You can explicitly translate the literals to LATIN (that should be sufficient for the "separate columns" option):

     MAX(CASE WHEN TextRank=1 THEN TextColumn ELSE translate('' using unicode_to_latin) END)

Or if you prefer to concatenate, then you will need to convert to CLOB also:

     CAST(MAX(CASE WHEN TextRank=1 THEN TextColumn ELSE translate('' using unicode_to_latin) END) AS CLOB) ||

 

1 ACCEPTED SOLUTION
3 REPLIES
Highlighted
Teradata Employee

Re: Teradata SQL - Large String Concatenation

Pivot is probably the right approach for this. Character literals are CHARACTER SET UNICODE, so that's causing the database to attempt implicit translation of the LATIN column to UNICODE, which fails since the original column allows over 32000 characters.

 

You can explicitly translate the literals to LATIN (that should be sufficient for the "separate columns" option):

     MAX(CASE WHEN TextRank=1 THEN TextColumn ELSE translate('' using unicode_to_latin) END)

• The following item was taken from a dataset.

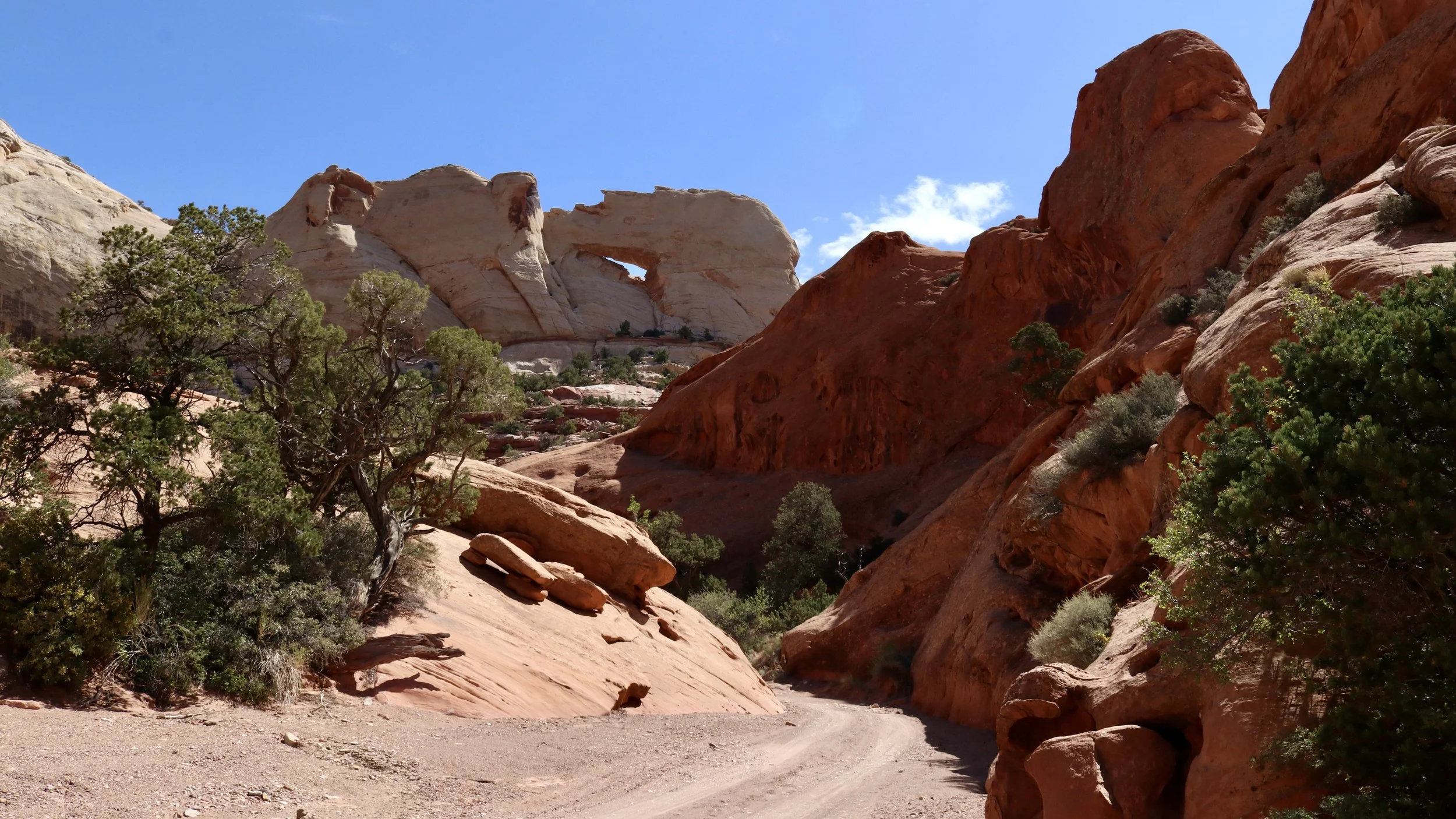 Back on the Burr Trail, the scenery was simply outstanding and we stopped numerous times for photos. At 32.8 miles from Boulder, shortly after the road became a dirt road we came to the turnoff to Upper Muley Twist Canyon. This 4WD road goes 2.9 miles up a narrow canyon wash past a couple of arches to a trailhead called Strike Valley Overlook. The weather was great, we were both giddy with the adventure bug so we threw the Jeep into 4WD and turned up the wash. Even from the turnoff we could see a large window in a white cliff up ahead. The road was bumpy and a bit rocky but nothing too difficult as we made our way around tight corners and up the middle of the wash. After rounding several turns we came upon Trinity Double Arch on our left. We had to stop and hike up underneath it to fully see both arches. Before long we made it to the Strike Valley Overlook Trailhead. There was one other vehicle there but no sign of its owner.
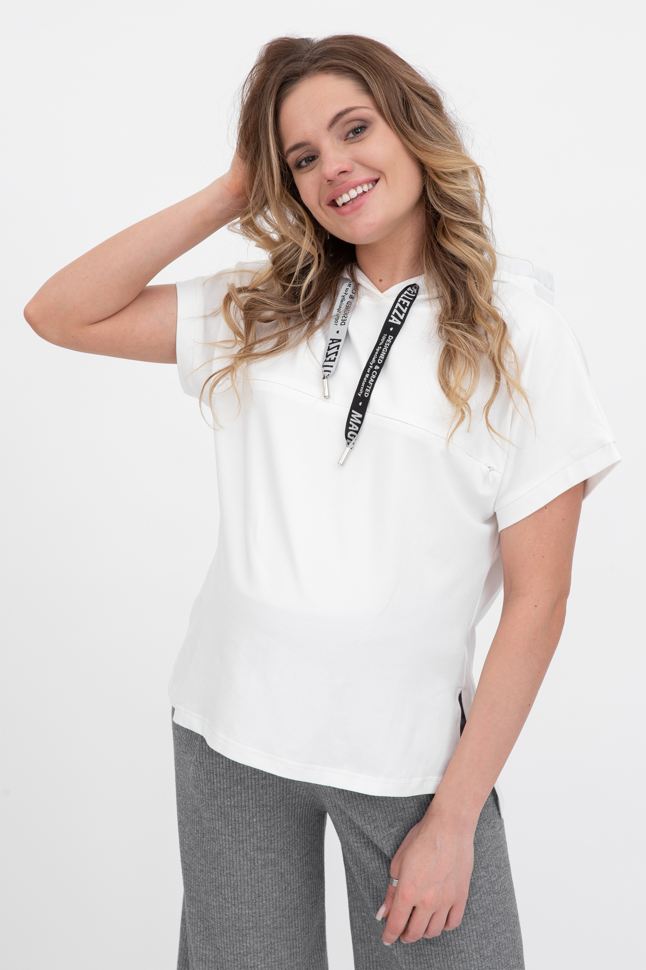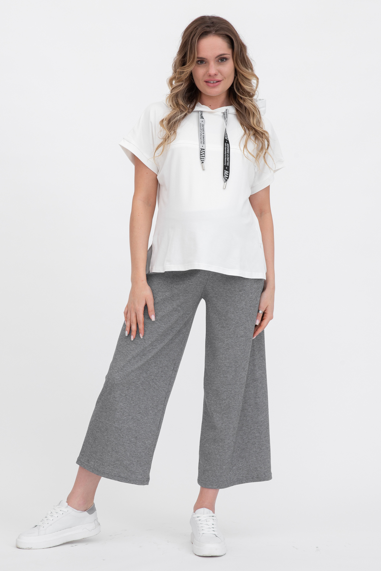 Оригинальный костюм из комбинированых тканей для беременных и кормящих. Костюм состоит из джемпера и брюк. Джемпер с капюшоном, коротким рукавом, разрезами по бокам изделия. Выполнен из высококачественного двухниточного футера. Конструкция для кормления - горизонтальные потайные молнии - позволит покормить малыша с комфортом в любой ситуации. Брюки-кюлоты в рубчик с эластичной высокой вставкой-бандажом рассчитаны на весь период беременности. Объем регулируется с помощью перфорированной резинки, перестегивающейся на пуговицу. Идеальное сочетание стиля и комфорта.

Or if you prefer to concatenate, then you will need to convert to CLOB also:

     CAST(MAX(CASE WHEN TextRank=1 THEN TextColumn ELSE translate('' using unicode_to_latin) END) AS CLOB) ||

 

Teradata Employee

Re: Teradata SQL - Large String Concatenation

And since your database version appears not to support 1MB response rows, you'll need to use CLOB or else convince the database that the rows won't exceed 64K e.g. using SUBSTRING and/or CAST to VARCHAR. 

Re: Teradata SQL - Large String Concatenation

Thanks Fred.  This seems like it will work pretty well for my purposes.